On the other hand, Bernie is clearly fringe – even Madison’s friend Josh (Julian Dennison) doesn’t take him seriously – and his last line is an interrupted invitation to her dad to be a guest on his podcast. And he doesn’t really save Madison and Josh, despite her claim. He and his kooky ideas put them in danger (they wouldn’t have been in Hong Kong during the monster fight without his help breaking into the facility in Florida), and he is not the one who takes action to stop Mechagodzilla. Josh does, while Bernie is resigned to his fate.
And even though the Hollow Earth scenery is cool (seriously – so cool) this functions less as a reinforcement of fringe pseudoscience to be taken seriously and more as a reference point to earlier science fiction and fantasy but also an expansion of its possibilities. As Adam Wingard indicated in an interview with IGN, “I didn’t want it to be just caves”; instead, he wanted it to feel like a journey to an alien planet.
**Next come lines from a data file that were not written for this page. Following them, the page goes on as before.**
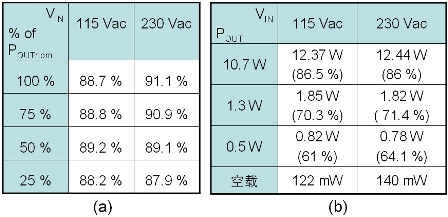 表2:NCP1380谷底開關(guān)控制器的工作能效及待機(jī)能耗(a、工作能效;b、輕載及空載能耗)
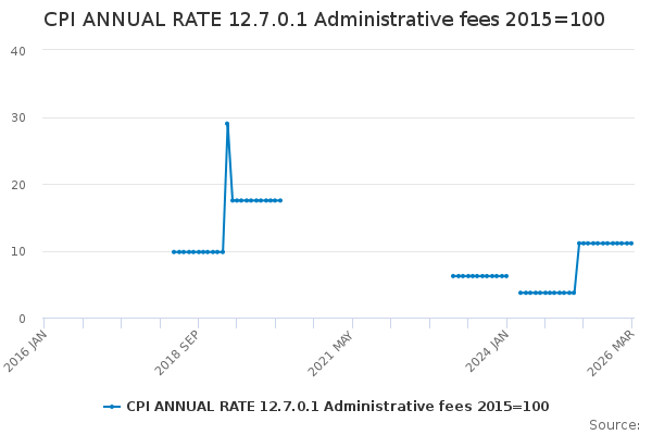 Download this time seriesCPI ANNUAL RATE 12.7.0.1 Administrative fees 2015=100
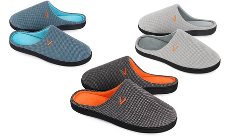 VONMAY MenSlippers Two-Tone Cozy House Shoes Open Back Memory Foam Slippers L
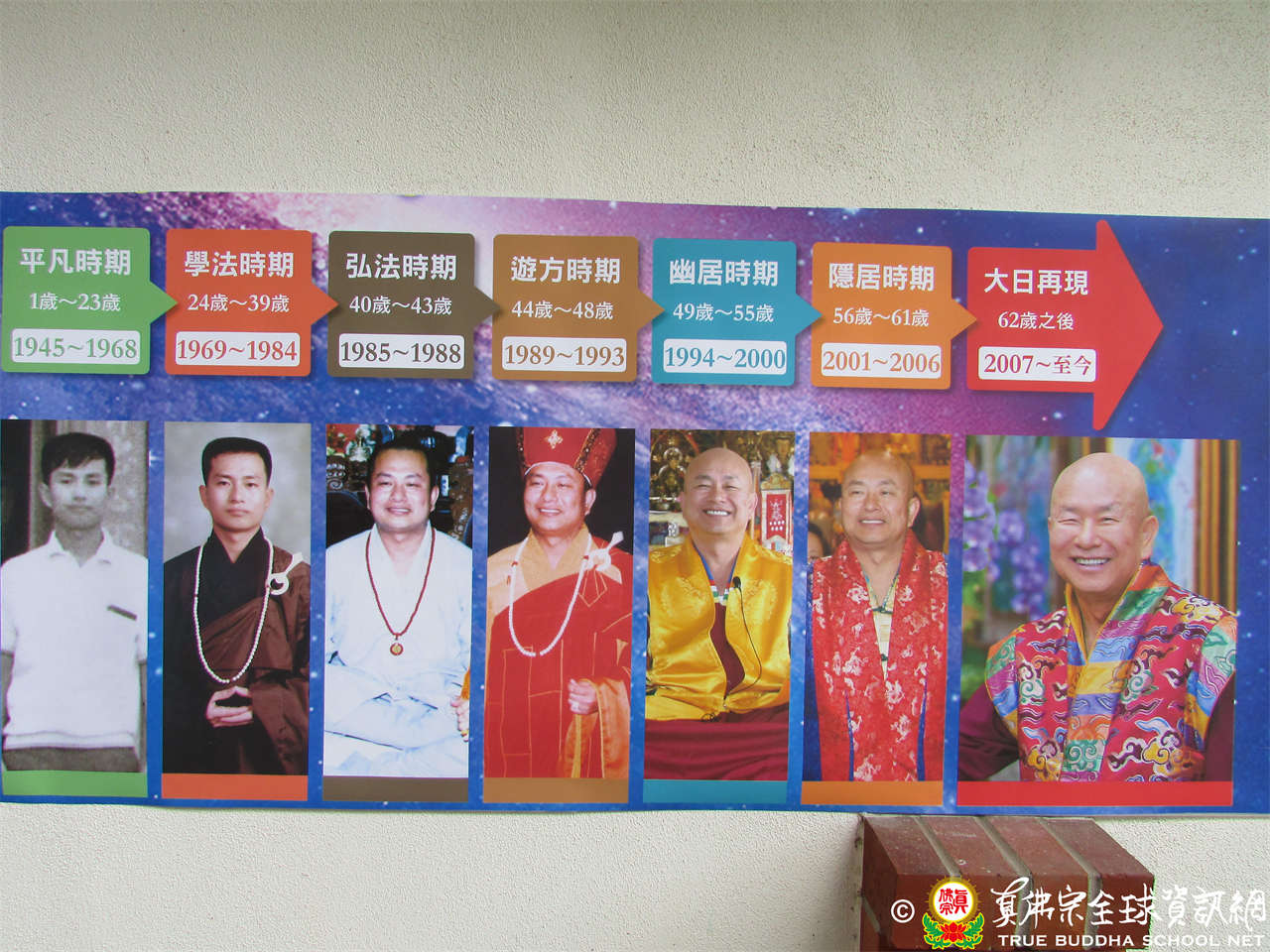 沿著西雅圖雷藏寺的外圍牆壁上,圖文並茂的展出聖尊蓮生活佛從小至今的時光縮影,歷經了平凡、學法、弘法、 遊方、幽居、隱居時期, 直至現在的大日再現。

Ultimately, then, the question remains: Is Godzilla vs Kong a critique or embrace of conspiracy thinking? It’s hard to tell. The movie is confused – just like its ideas. Alissa Wilkinson’s description for the film for Vox is perfect: “Mild bafflement reigns throughout.”
Despite the confusion, for me, this dumb fun starts to raise serious questions when it makes space for dumb conspiracies, too.
Christy Tidwell is Associate Professor of English & Humanities at the South Dakota School of Mines & Technology. She writes about science fiction and horror both as an academic and as a fan, including in Gothic Nature and Horror Homeroom.